About this exercise - Could you return, exactly as written, every line from the one containing "45. Dan sesungguhnya" through the last line of the entries below, leaving out the pictures?

(Items from a data source)
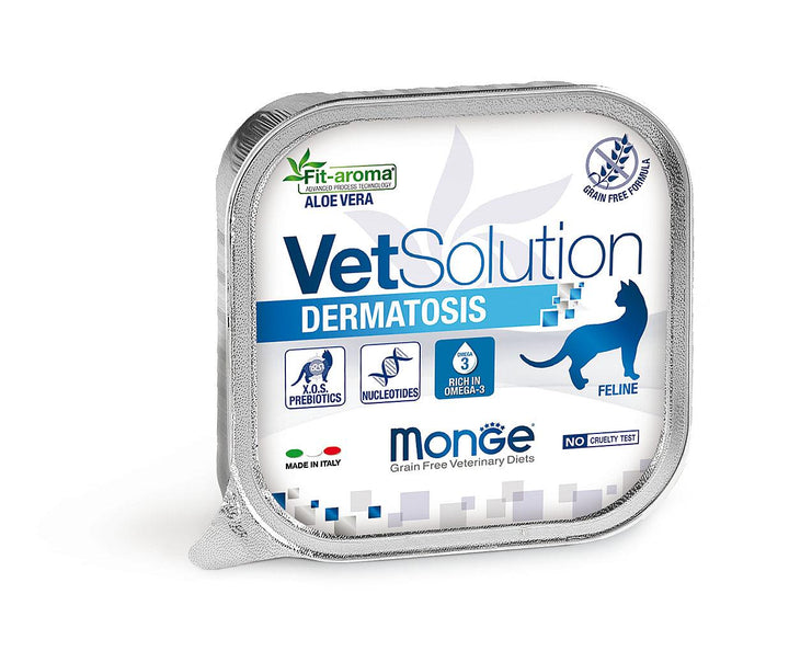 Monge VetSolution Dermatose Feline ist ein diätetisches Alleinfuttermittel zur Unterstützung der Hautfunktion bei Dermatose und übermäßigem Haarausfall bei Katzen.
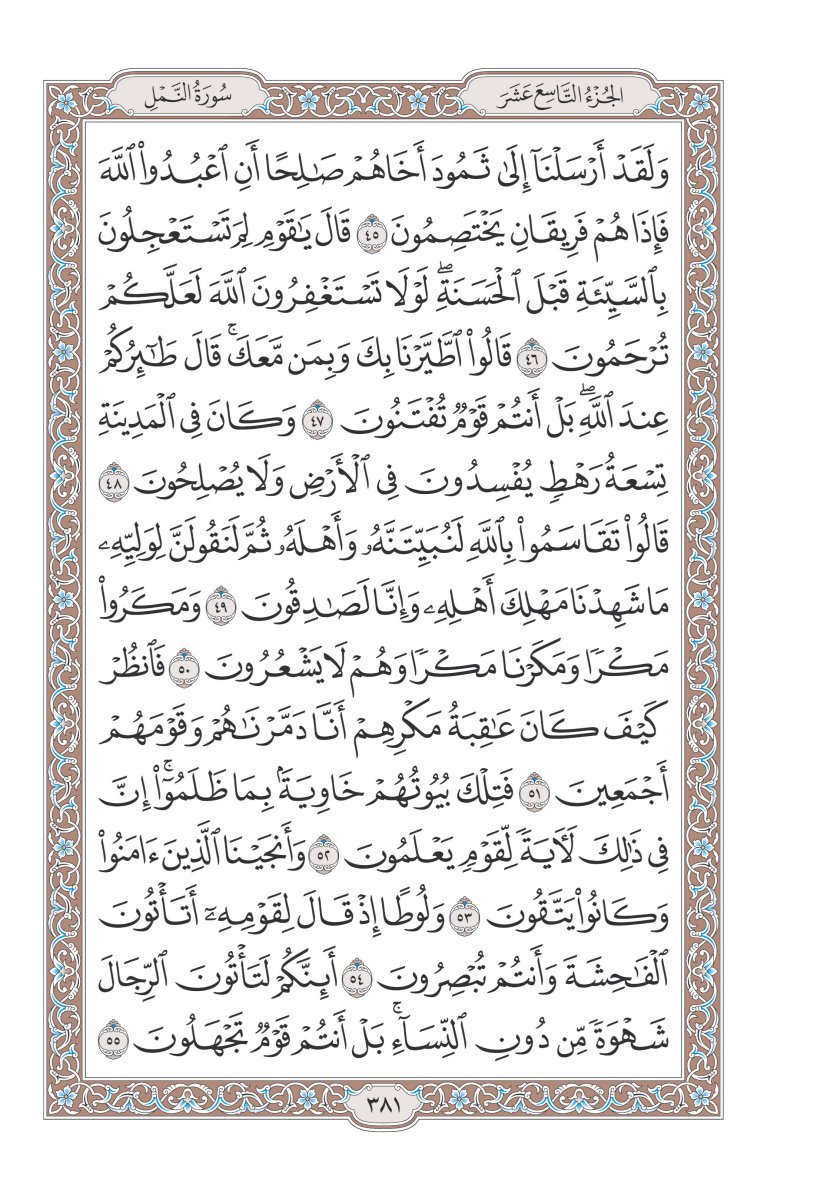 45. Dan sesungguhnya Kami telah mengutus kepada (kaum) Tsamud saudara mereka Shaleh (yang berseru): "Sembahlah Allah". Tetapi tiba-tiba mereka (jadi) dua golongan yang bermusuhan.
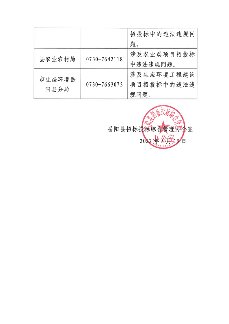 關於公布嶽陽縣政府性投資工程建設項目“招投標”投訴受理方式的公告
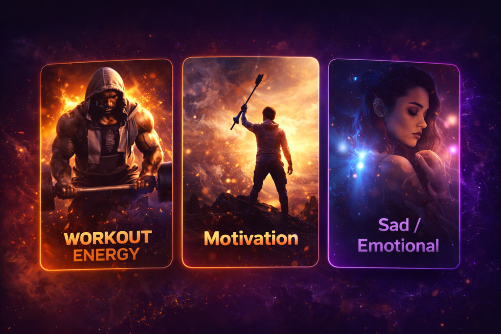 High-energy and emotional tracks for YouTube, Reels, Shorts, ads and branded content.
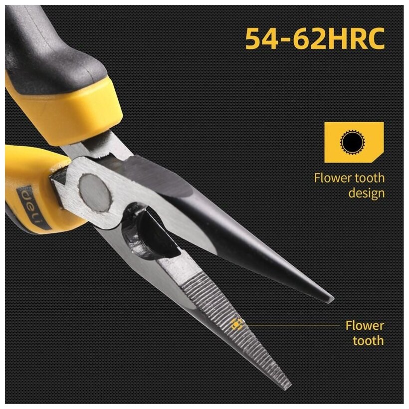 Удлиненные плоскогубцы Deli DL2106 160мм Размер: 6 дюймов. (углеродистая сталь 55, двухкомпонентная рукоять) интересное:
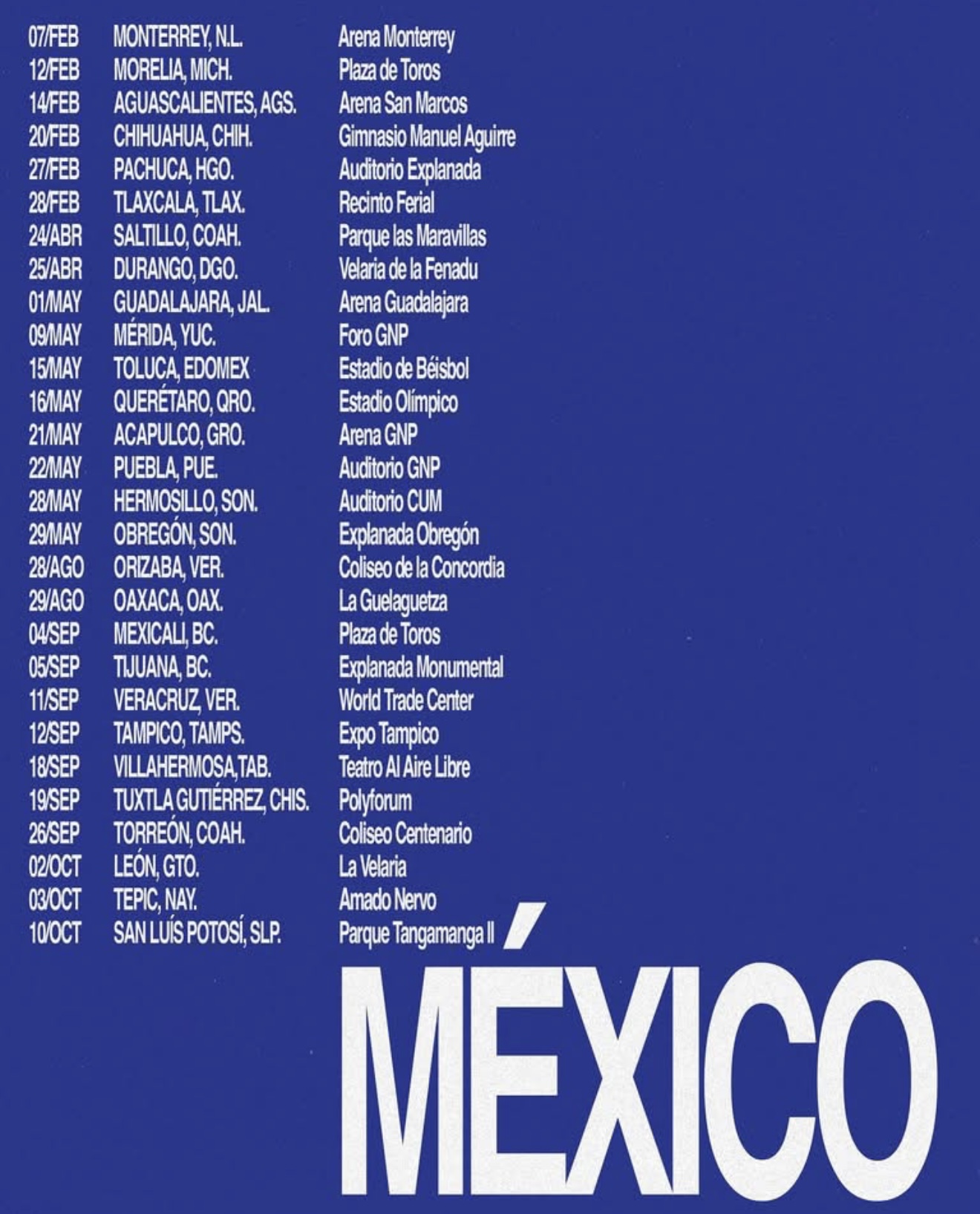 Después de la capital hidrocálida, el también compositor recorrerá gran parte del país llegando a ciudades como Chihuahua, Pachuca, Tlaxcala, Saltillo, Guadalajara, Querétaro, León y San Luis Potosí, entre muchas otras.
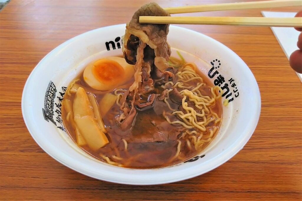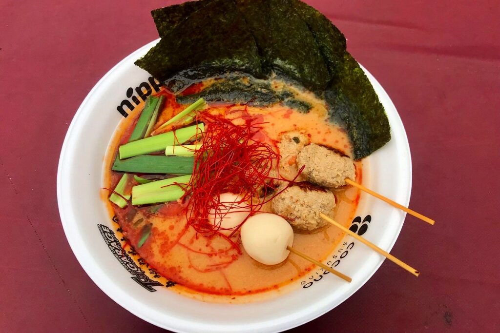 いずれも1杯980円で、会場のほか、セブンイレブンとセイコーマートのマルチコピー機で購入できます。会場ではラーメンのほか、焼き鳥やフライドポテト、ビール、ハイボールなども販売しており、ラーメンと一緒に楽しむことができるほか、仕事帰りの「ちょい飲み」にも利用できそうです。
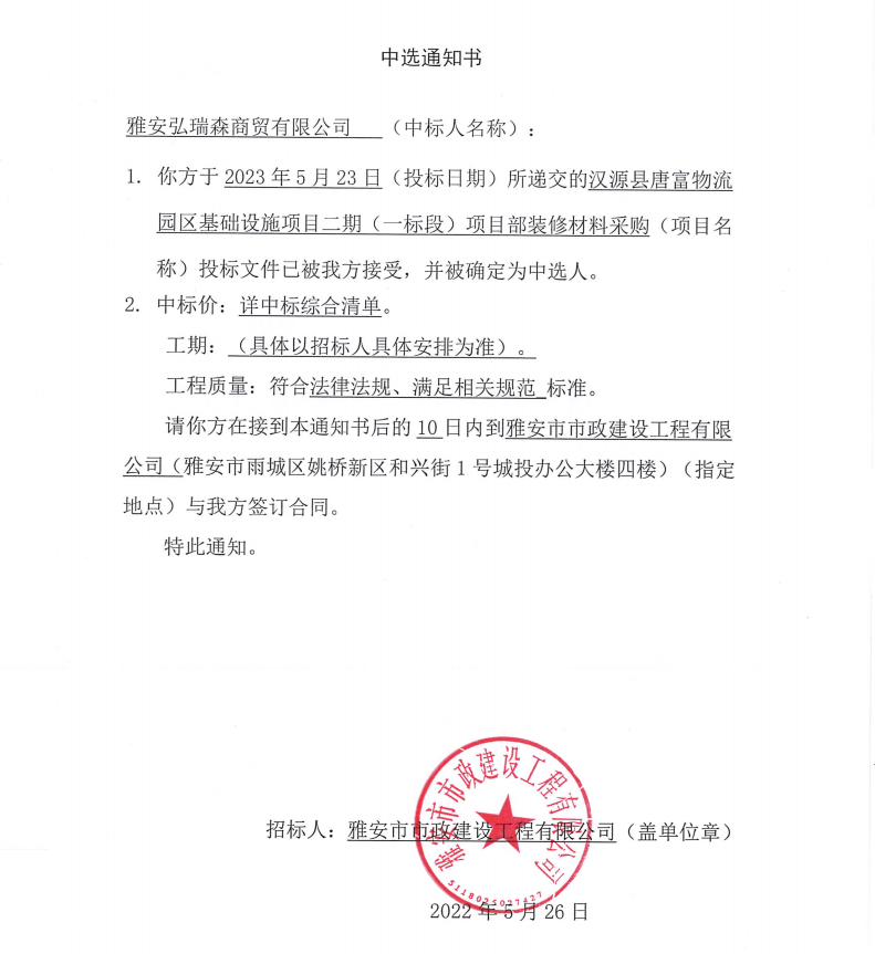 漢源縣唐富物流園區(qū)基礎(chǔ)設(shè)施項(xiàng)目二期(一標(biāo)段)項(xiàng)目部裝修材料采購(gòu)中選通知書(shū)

Reply to the exercise -
 45. Dan sesungguhnya Kami telah mengutus kepada (kaum) Tsamud saudara mereka Shaleh (yang berseru): "Sembahlah Allah". Tetapi tiba-tiba mereka (jadi) dua golongan yang bermusuhan.
 關於公布嶽陽縣政府性投資工程建設項目“招投標”投訴受理方式的公告
 High-energy and emotional tracks for YouTube, Reels, Shorts, ads and branded content.
 Удлиненные плоскогубцы Deli DL2106 160мм Размер: 6 дюймов. (углеродистая сталь 55, двухкомпонентная рукоять) интересное:
 Después de la capital hidrocálida, el también compositor recorrerá gran parte del país llegando a ciudades como Chihuahua, Pachuca, Tlaxcala, Saltillo, Guadalajara, Querétaro, León y San Luis Potosí, entre muchas otras.
 いずれも1杯980円で、会場のほか、セブンイレブンとセイコーマートのマルチコピー機で購入できます。会場ではラーメンのほか、焼き鳥やフライドポテト、ビール、ハイボールなども販売しており、ラーメンと一緒に楽しむことができるほか、仕事帰りの「ちょい飲み」にも利用できそうです。
 漢源縣唐富物流園區(qū)基礎(chǔ)設(shè)施項(xiàng)目二期(一標(biāo)段)項(xiàng)目部裝修材料采購(gòu)中選通知書(shū)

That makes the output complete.